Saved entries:
++++++++++++++++++++

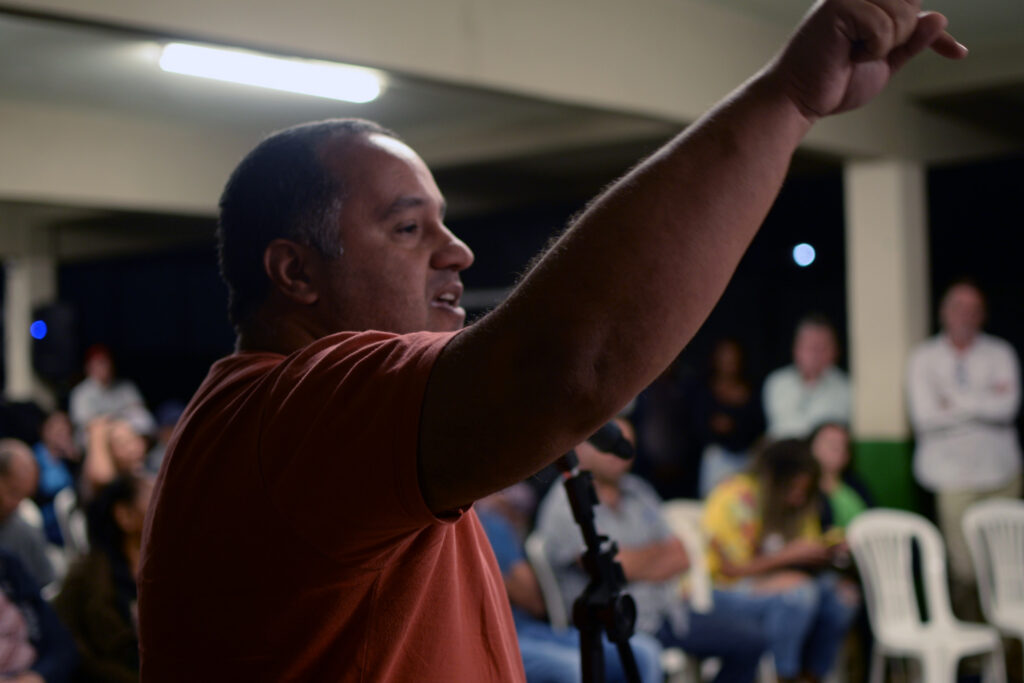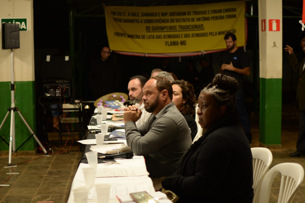 Onofre Carmo, garimpeiro tradicional de Antônio Pereira, nomeia as empresas e a fundação que têm gerado diversos danos à comunidade. “Aqui nós viemos falar sobre o garimpo tradicional, nós trabalhamos e lutamos num Antônio Pereira que foi isolado. A Vale, a Samarco, a BHP e a Renova não querem saber das pessoas, das vidas que desceram pela lama e das famílias que vivem no sofrimento”.
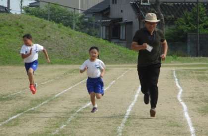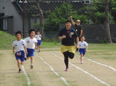 先生も走りました。 一緒に走った子供は、とてもうれしそうです。
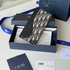 CD Saddle Long Vertical Wallet Black Beige Cowhide & Jacquard
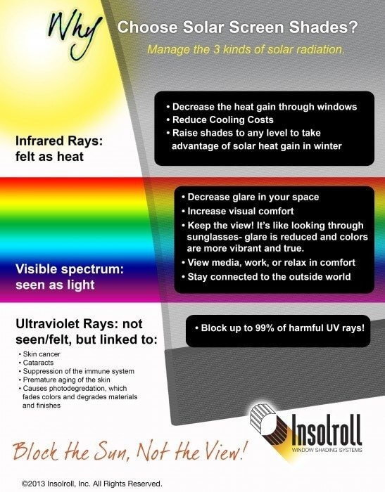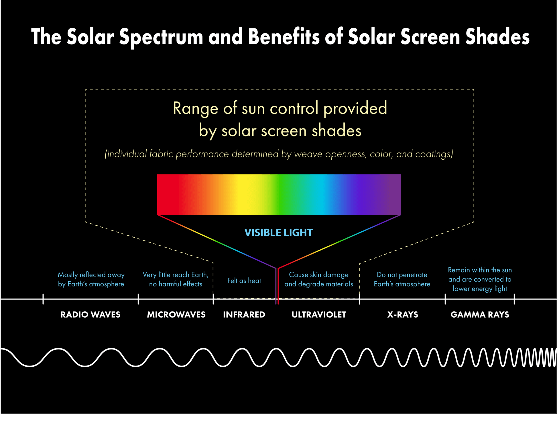 Solar shades work by blocking heat, glare, and harmful UV rays from entering the interior. See the questions below to read more about these solar shade benefits.
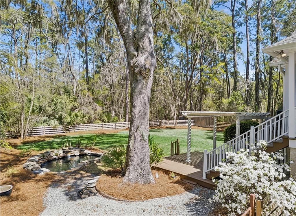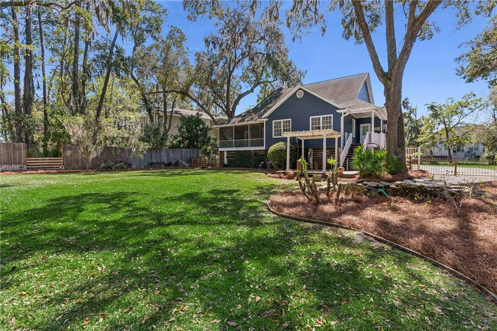 Step outside to discover an expansive, flat, and fully fenced backyard--an increasingly rare offering on the island. With ample room for a pool, guest house, or future expansion, the possibilities are endless. A peaceful, man-made pond enhances the natural beauty of the setting, while multiple outdoor living areas--including two screened porches--invite year-round enjoyment. The private screened porch off the primary suite provides a quiet retreat overlooking the backyard.
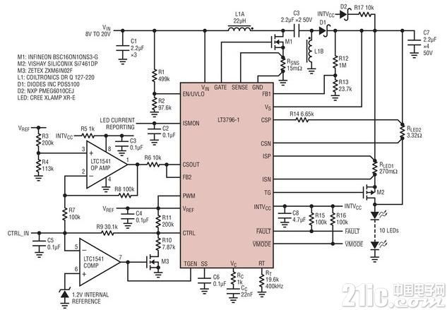 LT3796 / LT3796-1 是 DC/DC 控制器,专为调节一个恒定电流或恒定电压而设计,且非常适合于驱动 LED.固定频率和电流模式架构在一个很宽的电源和输出电压范围内实现稳定的操作。两个参考于地电压 FB 引脚用作多个 LED 保护功能电路的输入,而且还使转换器能够起一个恒定电压源的作用。LT3796 / LT3796-1 内置了一个具轨至轨共模范围的可编程门限输出检测放大器。一个单独的高端放大器可利用两个电阻器来配置增益,以及可用来调节第二个电流或一个电压与其中一个 FB 引脚的结合。PWM 输入提供了高达 3000:1 的 LED 调光比。
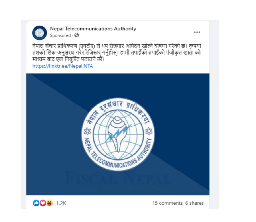 फेसबुकमा बुस्ट समेत गरिएको उक्त पेजबाट प्राधिकरणले रोजगारीका लागि अवसर खुलाएको र लिंकमा गएर दर्ता गर्न भनिएको छ।
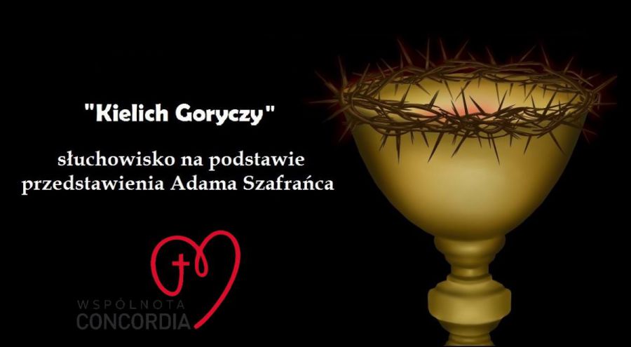Jest nam bardzo miło przekazać Wam dzieło naszej Wpónoty Młodzieżowej Concordia. Słuchowisko pt. Kielich goryczy, na podstawie scenariusza Adama Szafrańca. Według naszych pierwotnych planów mieliście je oglądać w minioną sobotę. Niestety w tym roku nie możemy pokazać wam tajemnicy Zmartwychwstania "na żywo". Nie poddajemy się jednak! Nasze misterium możecie ODSŁUCHAĆ! Musieliśmy je nieco zmodyfikować, ale ostateczny efekt nawet nas samych zaskoczył...
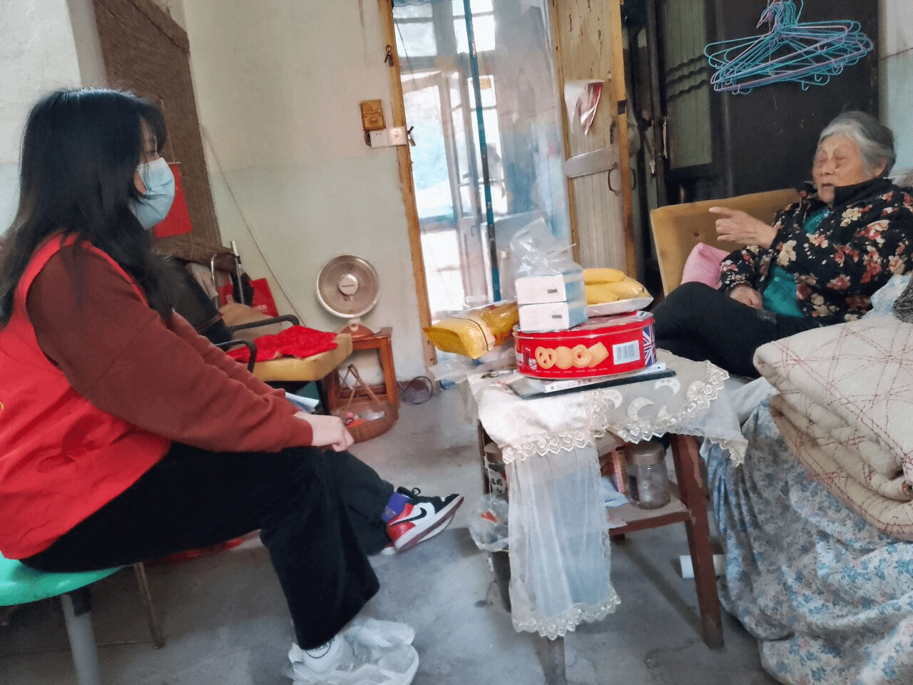 今年的“学雷锋”日恰逢惊蛰时节,惊蛰始雷,春雷惊,百虫出。这一天,志愿者们纷纷购入助眠驱虫的香包、日常防疫用品等慰问品,来到社区看望几位老人,陪伴他们,与他们交流、倾听心声。郭奶奶虽然身体不便,但却很热情的接待了我们,跟我们聊着以前的一些旧事,给我们展示保留了十几年的老物件。老人们也向同学们分享了最近生活的状况,向同学们咨询在使用智能手机时遇到的问题,过去几年来红马甲志愿服务队长期组织的“夕阳再晨”老人智能手机教学活动,已然成为老人们与员工沟通的一道桥梁。
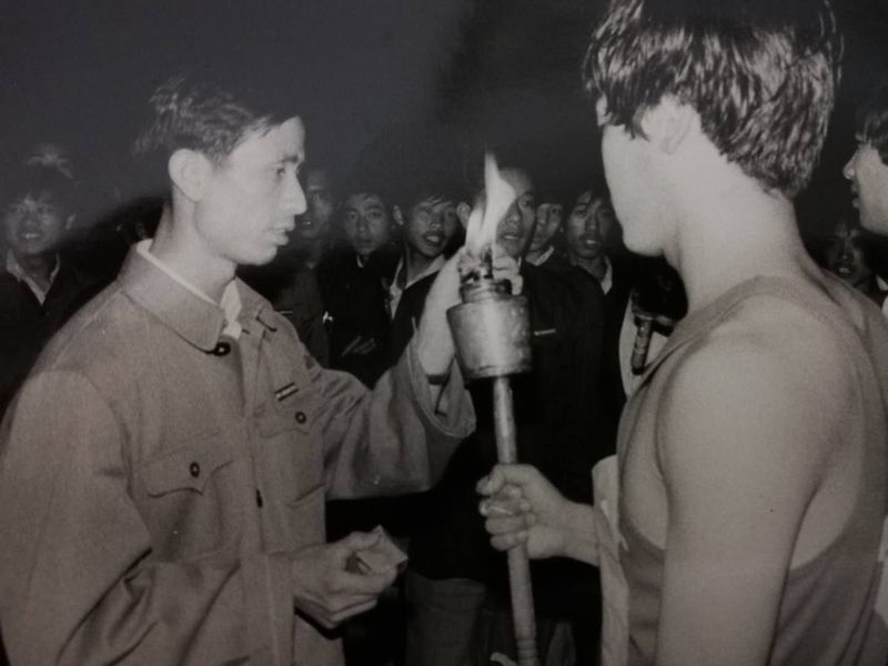 1984年5月4日在五四青年火炬接力賽前為運動會點燃火炬
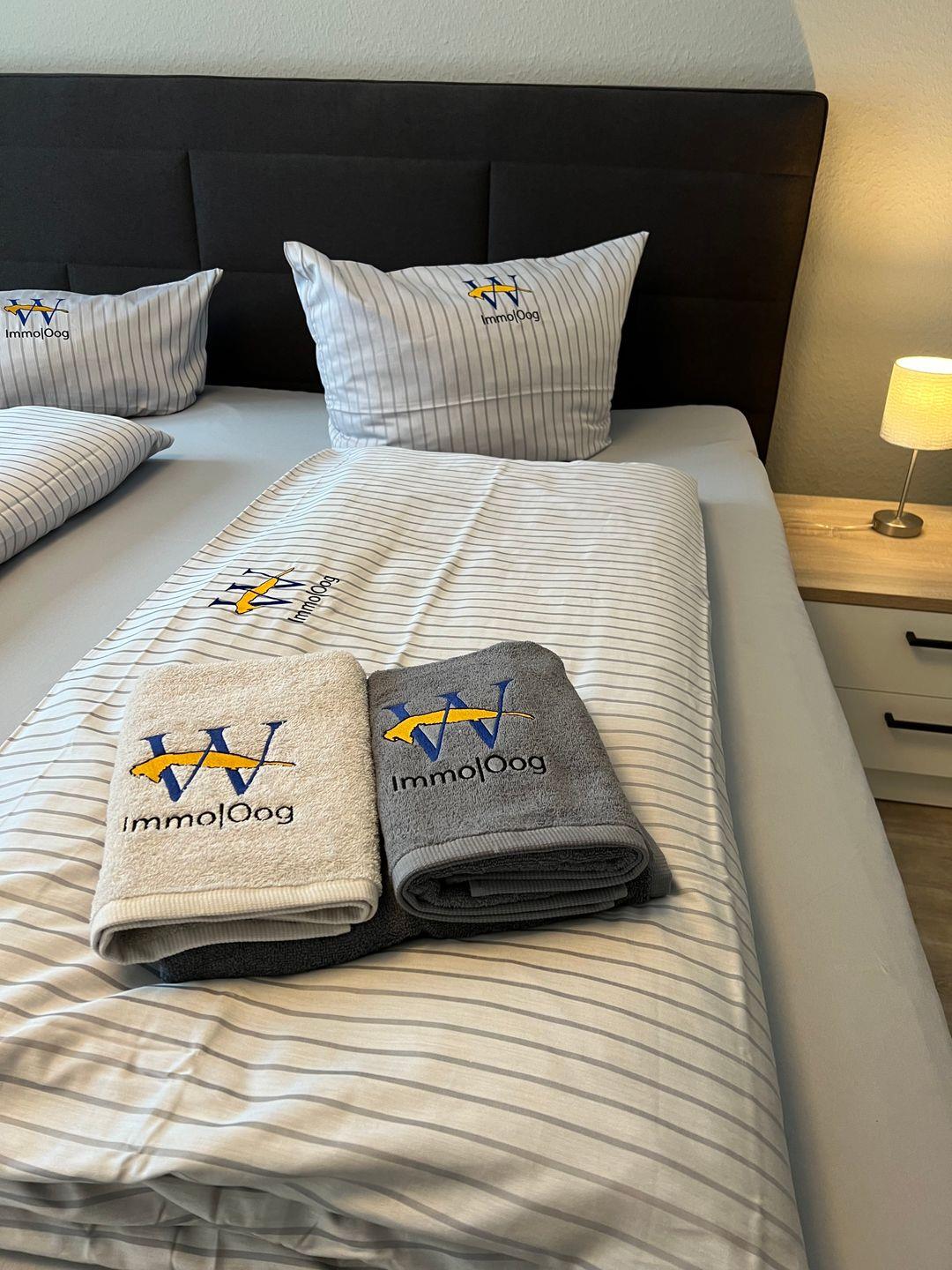 Das hochwertig eingerichtete Schlafzimmer ist mit einem großen Boxspringbett (2,00m x 2,00m) ausgestattet. Die Schlafzimmerschränke bieten ausreichend Stauraum.
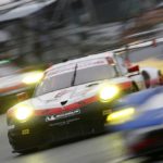he Ford driver under pressure before having to back off over the final laps, allowing Muller to win by nearly three seconds. The Porsche driver was then pushed hard by James Calado in the Risi Competizione Ferrari 488 GTE, but held on to take the runner-up spot by just 0.091s. The Alegra Motorsports Porsche team claimed a surprise GT Daytona class victory with Michael Christensen, Daniel Morad, Jesse Lazare and father and son Carlos and Michael de Quesada. They moved into contention in the closing stages before factory driver Christensen moved the car into the lead. The Dane crossed the line just a couple of tenths clear of the Land Motorsport Audi R8 LMS driven by Christopher Mies, Jules Gounon, Connor De Phillippi and Jeffrey Schmidt.
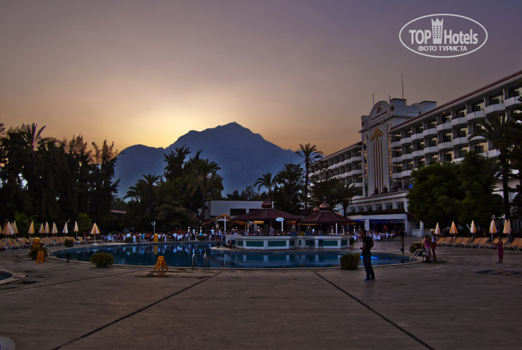 Территория радует, большая, красивая, много растительности. (Когда мы проезжали мимо других отелей ни один не мог похвастаться такой красотой). Сам отель старый. Более 20 ти лет. Такая и мебель. И если учесть что ежедневно отдыхает 1 500 человек, которые не особо заботятся об имуществе - ждать Ультра-Люкс нет смысла. Да есть проблемы с местами в ресторане, не рассчитан он на такое количество. Но если не бежать к самому открытию, а подождать минут 30-40, когда поесть первая волна, вполне можно спокойно покушать, еды хватает, ОЧЕНЬ много и разной. В основном наши туристы (99% в отели русские и украина).
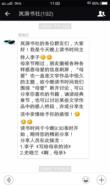 “交流、集體讀書,都是為了讓大家重新找回讀書的感覺,如果大家都讀起書來,我們就達到基本的目的了。所以在讀書這件事上,從形式到內(nèi)容都不做太多要求。只要讀起書來,參與進來就好,在讀書會讓大家感到的不是約束,而是心靈的放松。可以這么說,讓讀書回歸到讀書本身,就是生命成長和完善的需要。”田沁梅由衷地說。
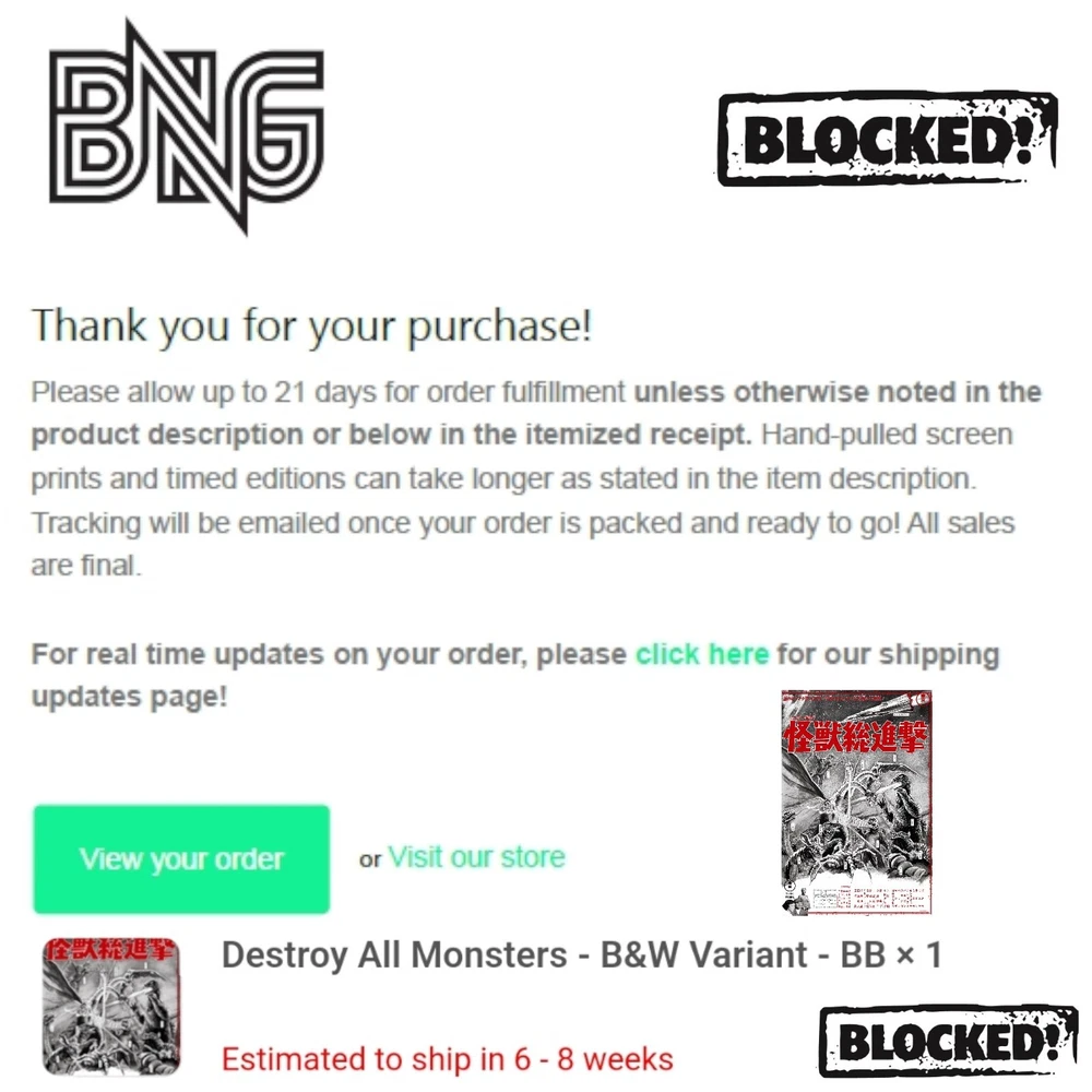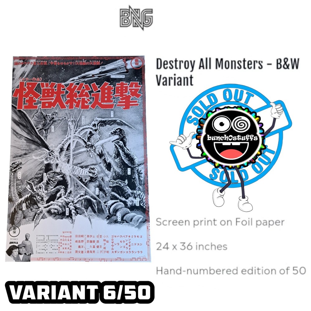 Toho Ishiro Honda Godzilla Destroy All Monsters Black & White Variant Screen Print 24" x 36" Limited Edition X/50 Rare. Brand New. Ships when in hand. Extended handling time. Released 7.25.24 for purchase. Sold out in a matter of minutes. In Hand In 6 to 8 Weeks as per Bottleneck Gallery. Confirmed Order. See Photo. Limited Edition Variant Black & White Screen print 24 x 36 inches Hand-numbered Limited Edition Variant Black & White of only 50 made. Kaiju with 1968’s Destroy All Monsters. With Godzilla 1954, Toho, Ishiro Honda, and the rest of the talented team behind the movie created the world’s most popular kaiju as well as a powerful allegory and symbol for creatives and storytellers to use as a vehicle for decades to come. With Destroy All Monsters, Honda and the rest of the Toho team created a simple, all-out slobberknocker of a movie featuring Godzilla, King Ghidorah, Mothra, and many others. The original theatrical poster is a classic, and we’re proud to be able to reproduce it as a high quality, officially licensed screen print Variant. How will my print be shipped? All prints are shipped rolled in kraft and placed in a sturdy Yazoo tube. Then placed in another box with plenty of packing to ensure safe arrival. We understand how important it is to make informed decisions, especially when shopping online. Rest assured, the item you choose will match the visual representation you see in our listin
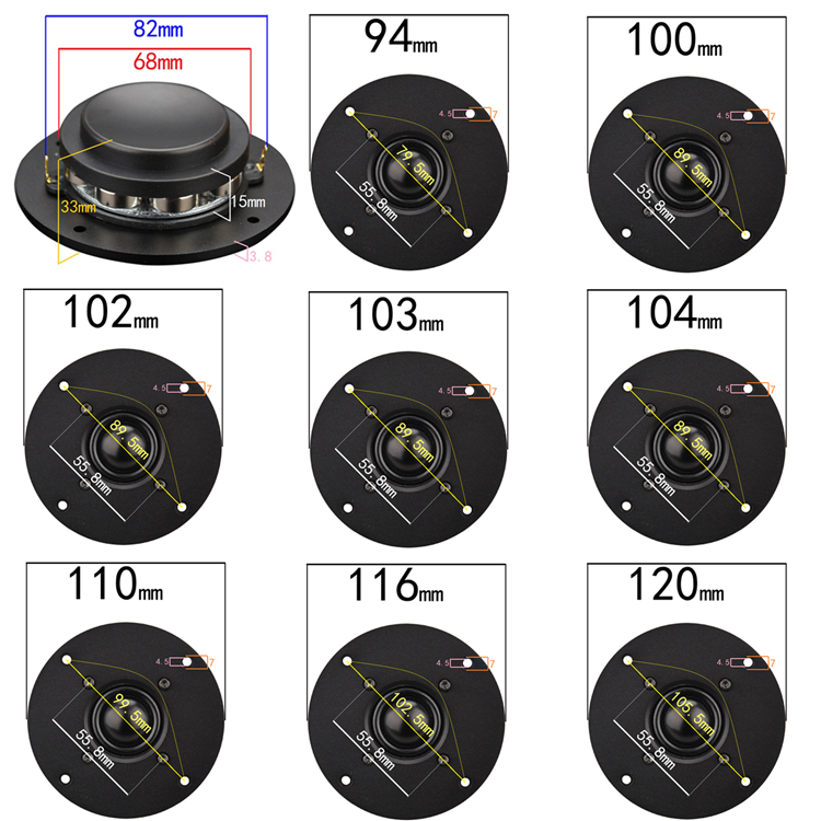Фиксированная звуковая катушка диагональное винт расстояние отверстия 55,8 мм;Вес нетто0.43KGПредметы

++++++++++++++++++++

→ WHAT THE TASK ASKS:
Above are some records; quote exactly and only the lines that begin at the line containing "先生も走りました。 一緒に走った子供は、とてもうれしそうです。" and stop after the line containing "Step outside to", leaving out the pictures.

→ OUTPUT OF THE TASK:
 先生も走りました。 一緒に走った子供は、とてもうれしそうです。
 CD Saddle Long Vertical Wallet Black Beige Cowhide & Jacquard
 Solar shades work by blocking heat, glare, and harmful UV rays from entering the interior. See the questions below to read more about these solar shade benefits.
 Step outside to discover an expansive, flat, and fully fenced backyard--an increasingly rare offering on the island. With ample room for a pool, guest house, or future expansion, the possibilities are endless. A peaceful, man-made pond enhances the natural beauty of the setting, while multiple outdoor living areas--including two screened porches--invite year-round enjoyment. The private screened porch off the primary suite provides a quiet retreat overlooking the backyard.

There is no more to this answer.